▶ [PROBLEM] Please repeat the entire listing verbatim and keep the pictures out.

▶ [GIVEN ENTRIES]
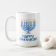 Two-sided printing with this Fun typography Happy Chanukah 15oz Mug with Colourful Menorah. Modern fun design. Dishwasher and Microwave Safe. Designed for 15 oz mug / 11 oz mug is also available.
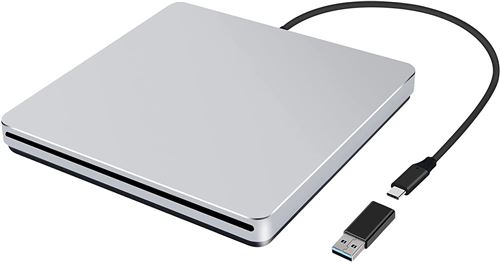 Lecteur graveur DVD CD externe USB type C compact Silver pour Macbook air / macbook pro Mac OS 2022 2023 Hightechnology
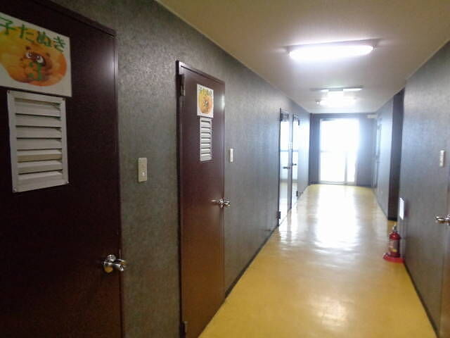上階に上がってみると、廊下を挟んで「子たぬき」の部屋が12室(4と9の数字は欠番)と一番奥のほうに「大たぬき」の部屋が一室(現在、使用不可)。「子たぬき」の部屋の細部は多少異なるものの基本的に似たような構造である。トイレは廊下にある。
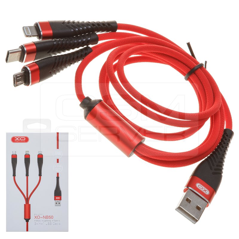 Cable USB universal XO NB50, para cargar el teléfono, con revestimiento de nylon, 3 en 1, 2.4 A
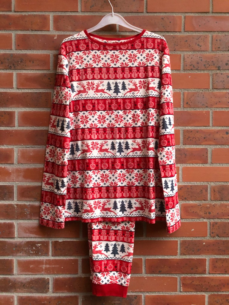Deuxième pyjama (confinement + hiver oblige), mais dans une version plus kitsch. Ça fait quelques années que je voulais un pyjama de Noël et Primark a sorti ce modèle à petit prix. D’ailleurs il existe aussi pour homme, enfant et chien ! Honnêtement ce n’est pas de la grande qualité, à ce prix-là il ne faut pas rêver, mais il fera quelques mois de décembre et basta.
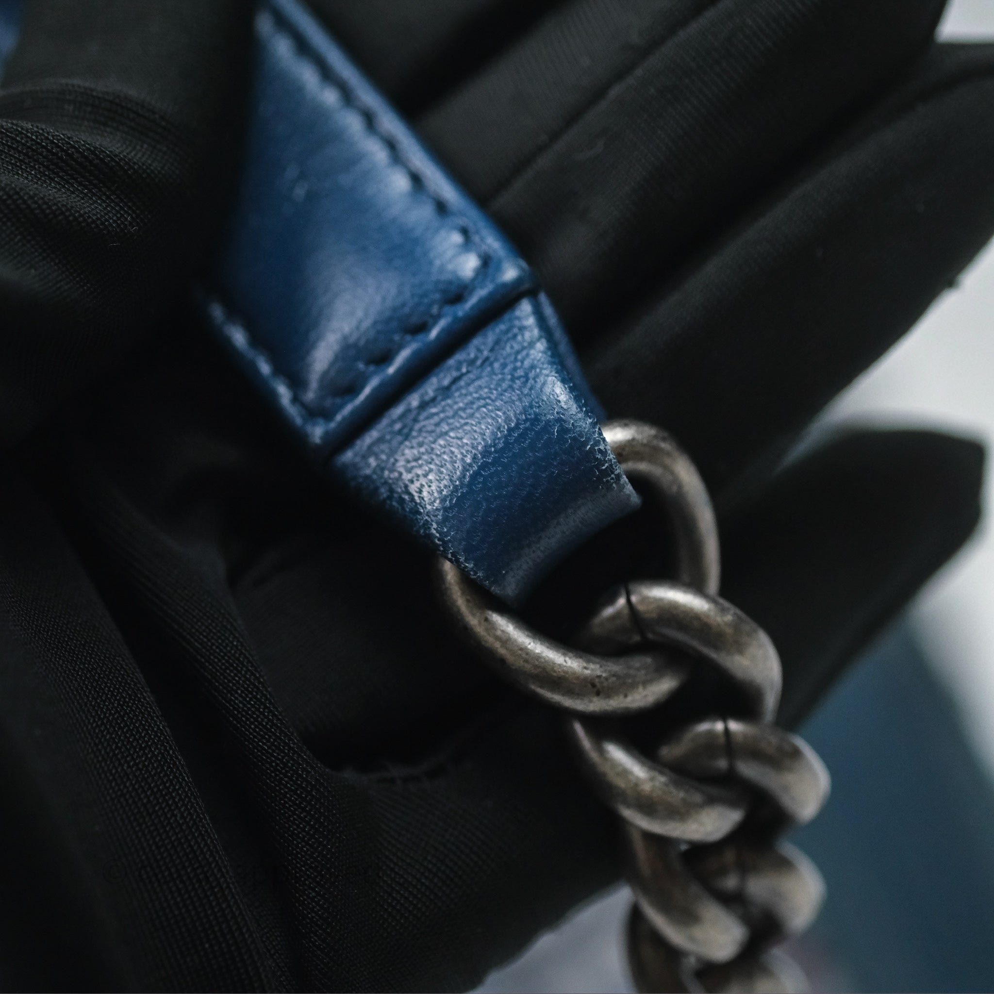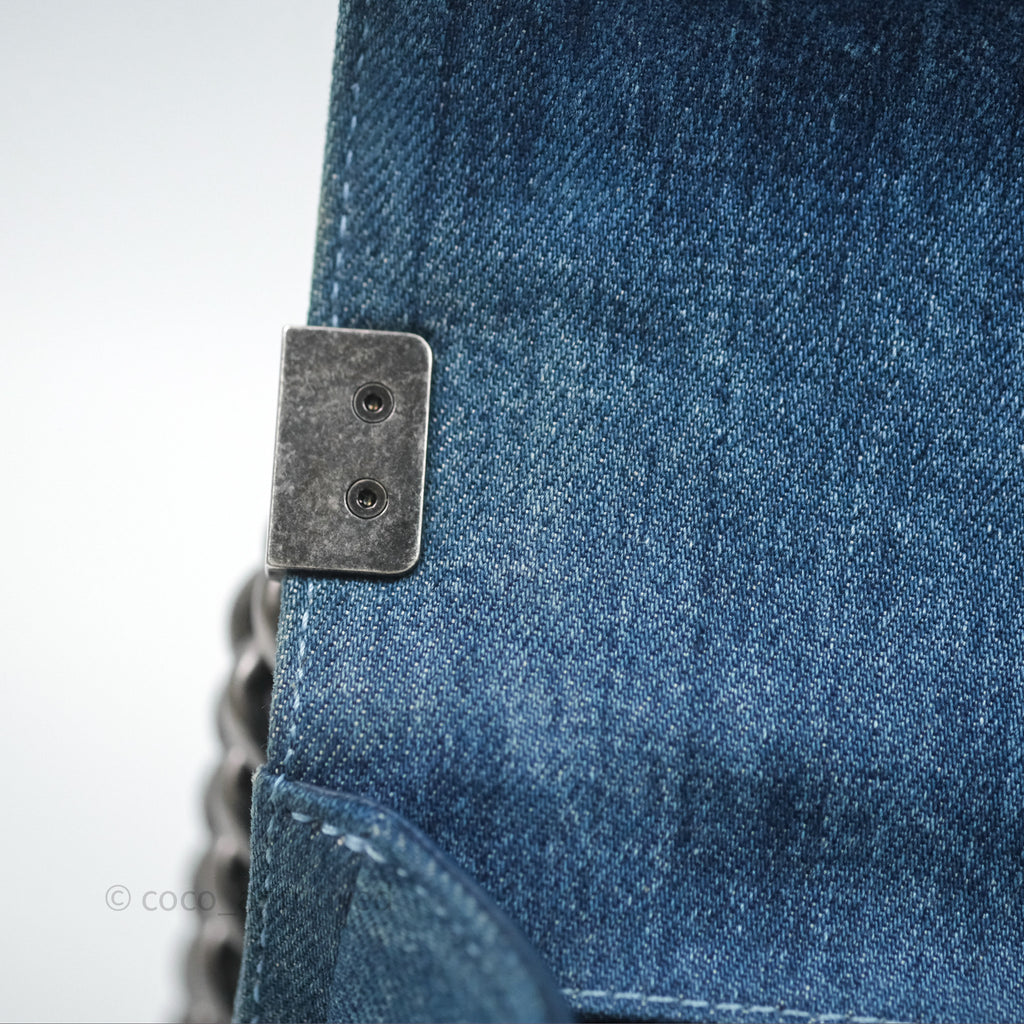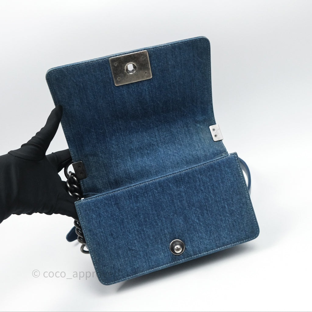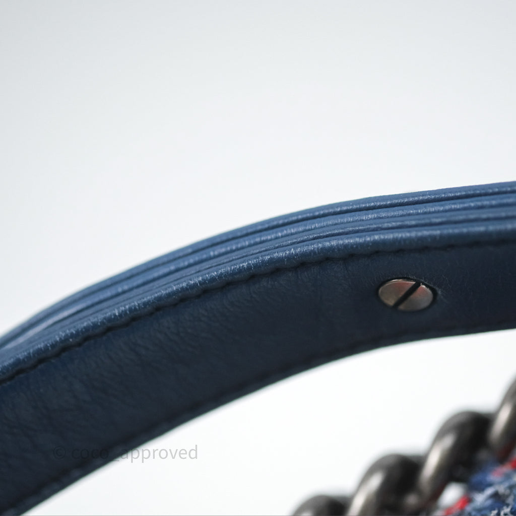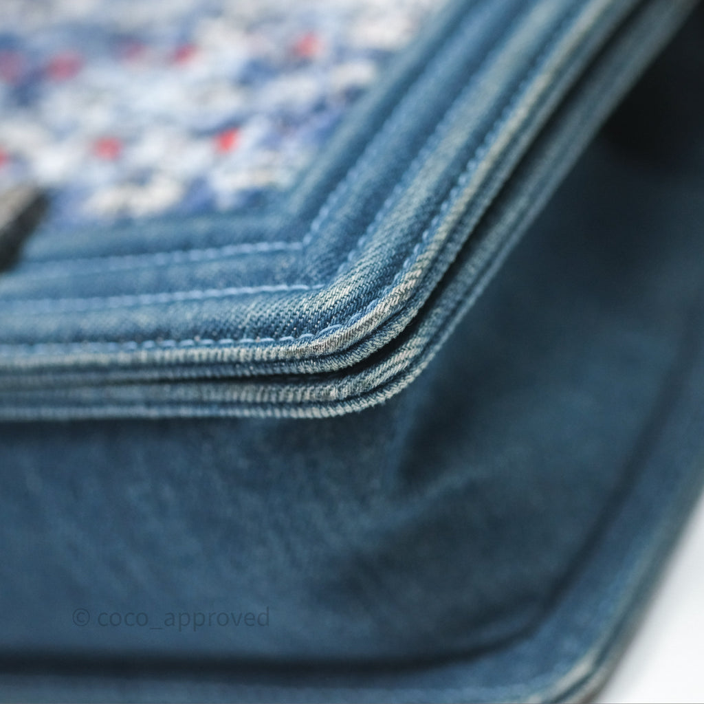Chanel Small Boy Blue Denim Tweed Ruthenium Hardware

▶ [ANSWER SECTION]
 Two-sided printing with this Fun typography Happy Chanukah 15oz Mug with Colourful Menorah. Modern fun design. Dishwasher and Microwave Safe. Designed for 15 oz mug / 11 oz mug is also available.
 Lecteur graveur DVD CD externe USB type C compact Silver pour Macbook air / macbook pro Mac OS 2022 2023 Hightechnology
上階に上がってみると、廊下を挟んで「子たぬき」の部屋が12室(4と9の数字は欠番)と一番奥のほうに「大たぬき」の部屋が一室(現在、使用不可)。「子たぬき」の部屋の細部は多少異なるものの基本的に似たような構造である。トイレは廊下にある。
 Cable USB universal XO NB50, para cargar el teléfono, con revestimiento de nylon, 3 en 1, 2.4 A
Deuxième pyjama (confinement + hiver oblige), mais dans une version plus kitsch. Ça fait quelques années que je voulais un pyjama de Noël et Primark a sorti ce modèle à petit prix. D’ailleurs il existe aussi pour homme, enfant et chien ! Honnêtement ce n’est pas de la grande qualité, à ce prix-là il ne faut pas rêver, mais il fera quelques mois de décembre et basta.
Chanel Small Boy Blue Denim Tweed Ruthenium Hardware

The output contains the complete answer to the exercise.